Raporda II. 2. SU KİRLİLİĞİ başlığı altında her bir ilin kendi sınırları içerisinde yer alan yüzey sularının, 30/11/2012 tarih ve 28483 sayılı Resmi Gazete’ de yayımlanan “Yerüstü Su Kalitesi Yönetimi Yönetmeliği” hükümleri çerçevesinde kalite sınıfları ve muhtemel kirlenme nedenlerinin (X) ile işaretlenmiş bir tablo yer alıyor. Bu tablo içinde 1-2-3’üncü sırada su kirliliği sorunu olmayan iller arasında yer alan Eskişehir’in verileri çok ilginç.

 

TABLO:2 İL SINIRLARINDA BULUNAN YÜZEY SULARININ YERÜSTÜ SU KALİTESİ YÖNETİMİ YÖNETMELİĞİ HÜKÜMLERİ ÇERÇEVESİNDE KALİTE SINIFLARI VE MUHTEMEL KİRLENME NEDENLERİ

Kaynak: TÜRKİYE ÇEVRE SORUNLARI VE ÖNCELİKLERİ DEĞERLENDİRME RAPORU ( 2016 yılı verileriyle),2018, sayfa 64

 

“Yerüstü Su Kalitesi Yönetimi Yönetmeliği” ne göre; 1. Sınıf- Yüksek kaliteli su, 2. Sınıf – Az kirlenmiş su, 3. Sınıf – Kirlenmiş su, 4. Sınıf – Çok kirlenmiş su olarak bir kategorileştirme yapılmış. Eskişehir’de ölçümü yapılan on dört su kaynağının on ikisinin değerlendirmesi 4. sınıf çok kirlenmiş, iki tanesi ise 3. sınıf kirlenmiş su olarak sınıflandırılmış. Buna rağmen Eskişehir’de su kirliliğinin ilk üç içinde yer almadığı belirtiliyor.

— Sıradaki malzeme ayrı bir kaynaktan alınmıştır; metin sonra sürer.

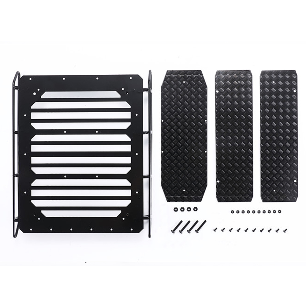 inspiration according to the real Mercedes Benz G63 luggage rack. The factory color is black and the material is stainless steel. Need to fix four M3 holes on the roof with M3 screws and nuts. Non-slip plates and spotlights need to be purchased separately. Spotlights are suitable for LEDs with 3mm diameter. Suitable for TRAXXAS TRX-4 TRX-6 6X6 G63 G500 car shell.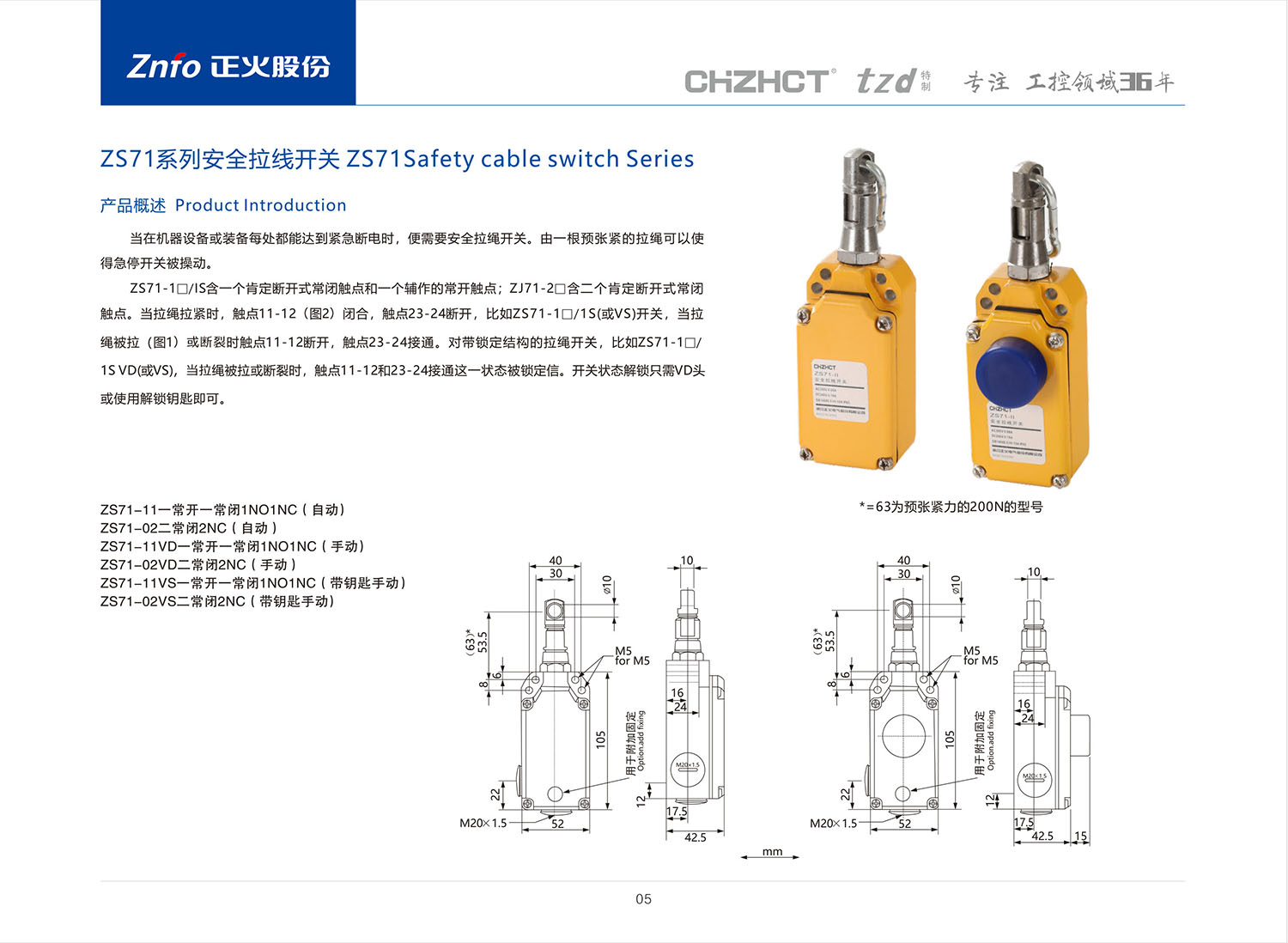 ZS71安全拉线开关_拉绳开关_行程/微动/跑偏/拉绳/超速_工业控制与保护_产品中心_今年会jinnianhui电气股份有限公司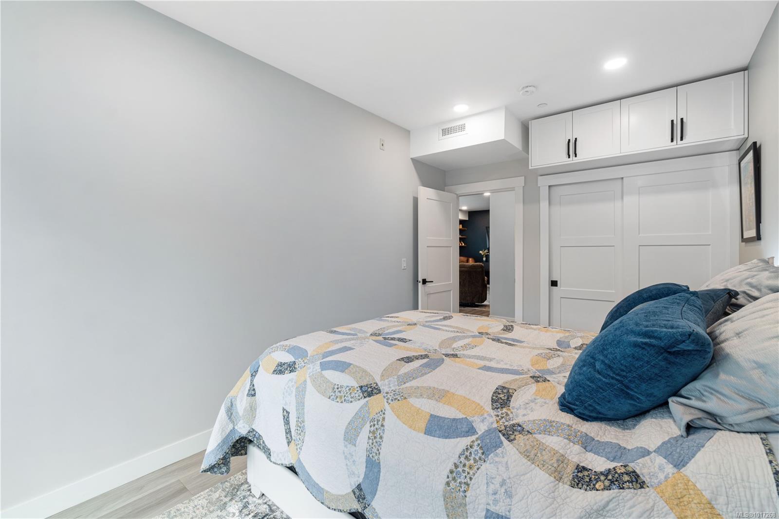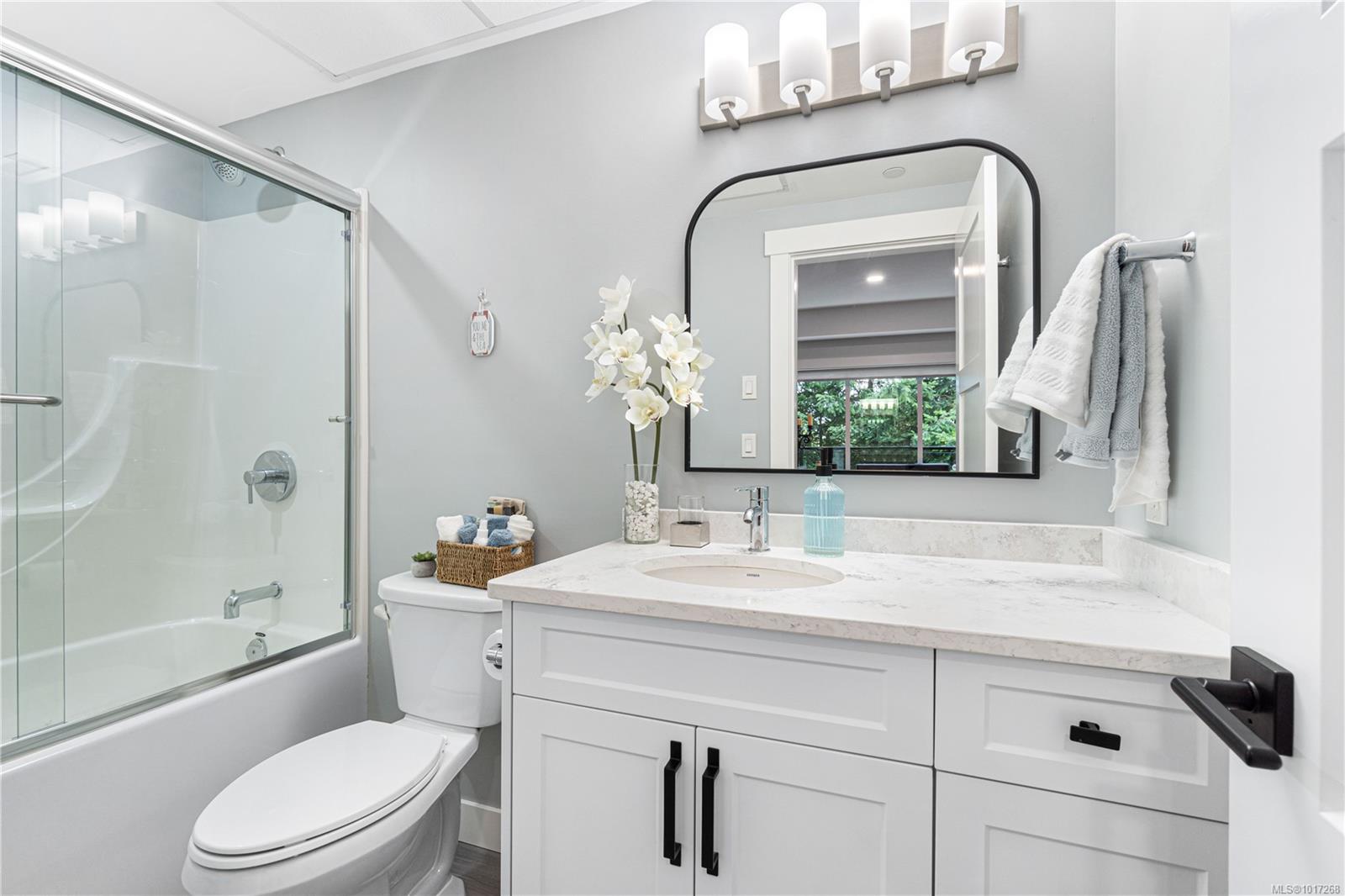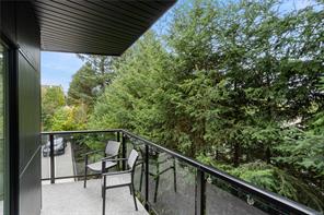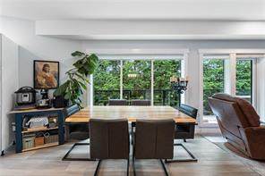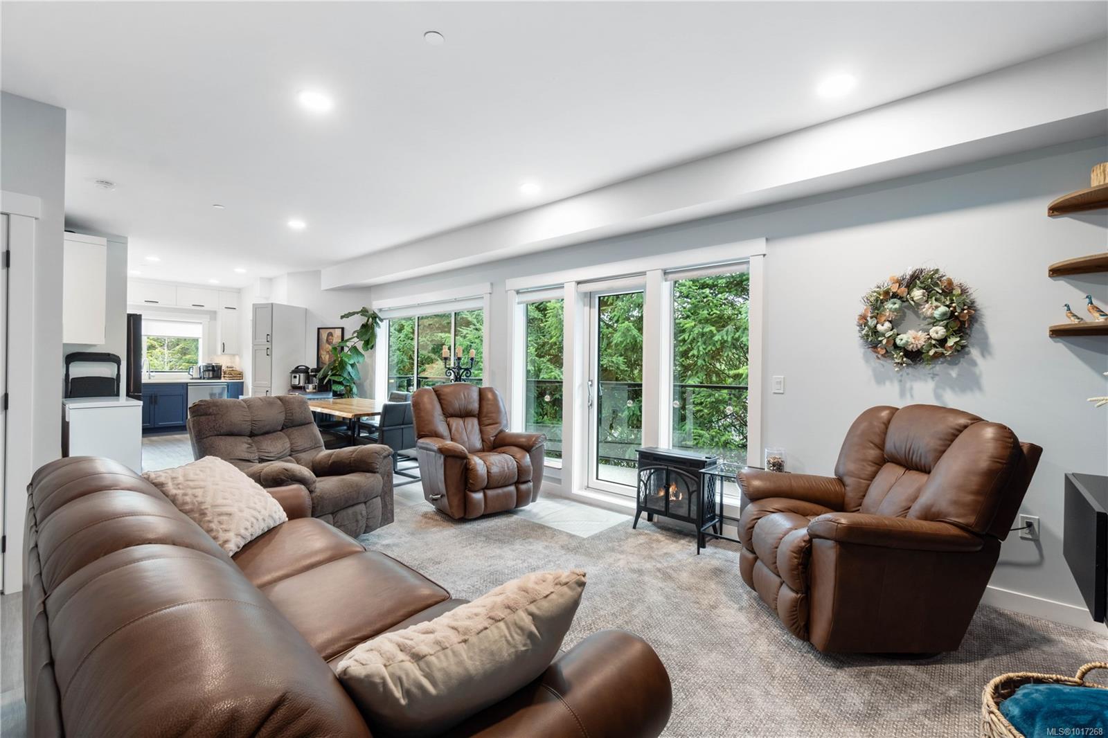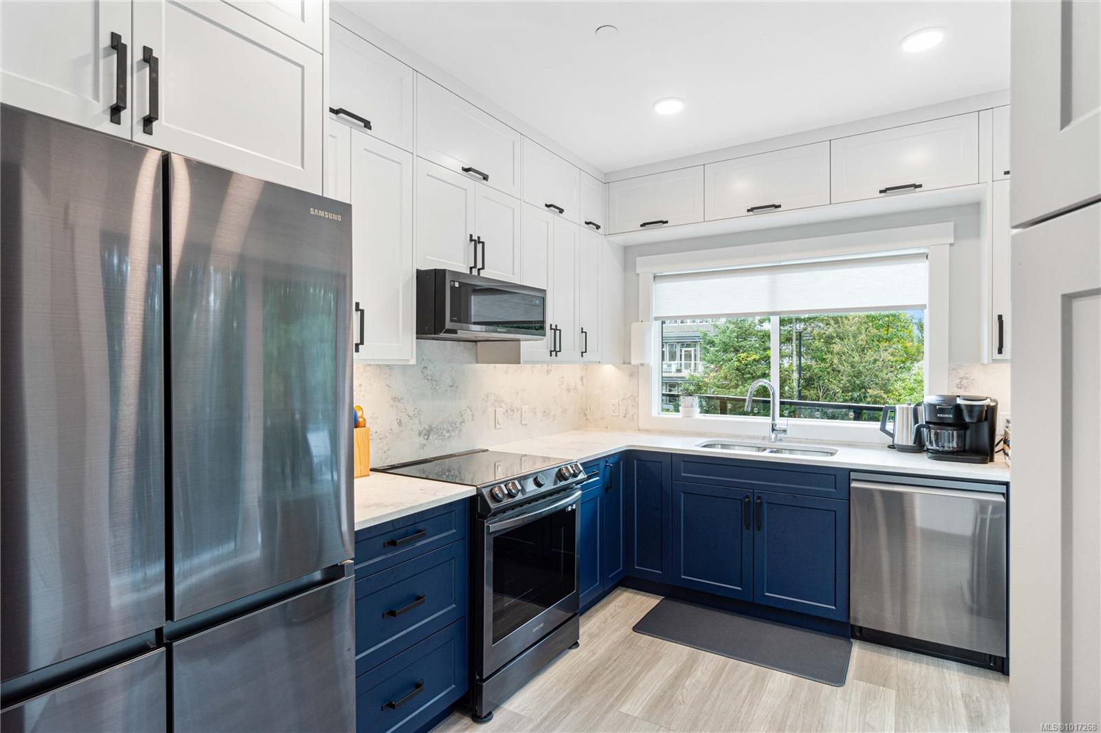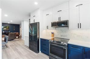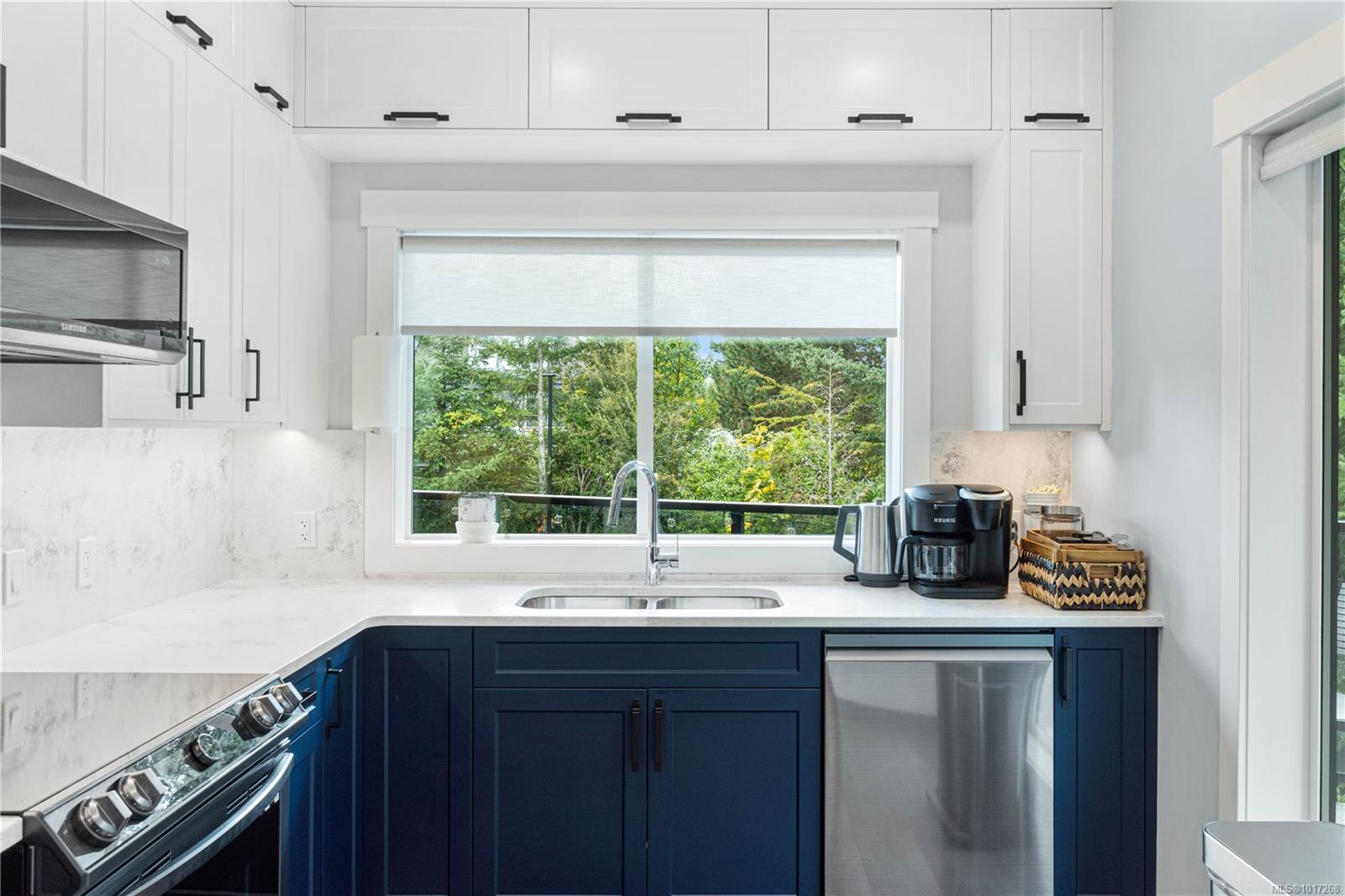 Refined and modern living awaits in this bright and spacious North Nanaimo condo. With only 16 residential units in the building, take pride in having a small footprint and ease of access. This large 1 bed, 1 bath end unit is complete with open concept living, 9 ft ceilings and expansive windows throughout, allowing ample natural lighting. This unit is unique in how much outdoor deck space is offered; with nearly 240 sq ft of overall outdoor space sprawling over 2 balconies wrapping around the unit, backing onto treed privacy. The interior is complete with central forced air and a zone controlled heat pump system. Quality is apparent with upscale finishes throughout including SS appliances, quartz countertops and backsplash, luxury wide plank flooring and high-end cabinetry, with further cabinets added by the owner since purchasing. There is an underground parking stall and storage room. This prime location allows access to Long Lake, Diver Lake, and Brennan Lake within minutes.

81 ilin yüzey sularının kalitesini ve kirlilik nedenlerini belirten bu uzun tabloda kimi illerde kirlenme nedenleri olarak evsel atık sular, sanayi kaynaklı atık sular, sanayi atıkları, zirai ilaç ve gübre kullanımı, madencilik bölümleri işaretlenmiş ama bunlardan etkilenen su varlıklarının kalitesi bölümleri boş bırakılmış. Yani kirlilik nedenleri olduğu ifade ediliyor ama bu kirliliğin suyun kalite sınıflandırmasına hangi boyutta etki ettiği- az mı, çok mu ya da kirlenmiş sınıfında olup olmadığı- belirtilmiyor. Bu iller arasında İzmir, Kars, Kastamonu, Bilecik, Ağrı, Adıyaman, Amasya, Ankara, Antalya, Trabzon var ve liste devam ediyor. Bazı illerin karşısında ise “konu ile ilgili bilgi edinilememiştir” notu yer alıyor. Bu notun yer aldığı iller arasında Bursa, Balıkesir, Çorum, Kırşehir, Elazığ, Erzincan, Mersin, Samsun, Konya ve daha fazlası yer alıyor.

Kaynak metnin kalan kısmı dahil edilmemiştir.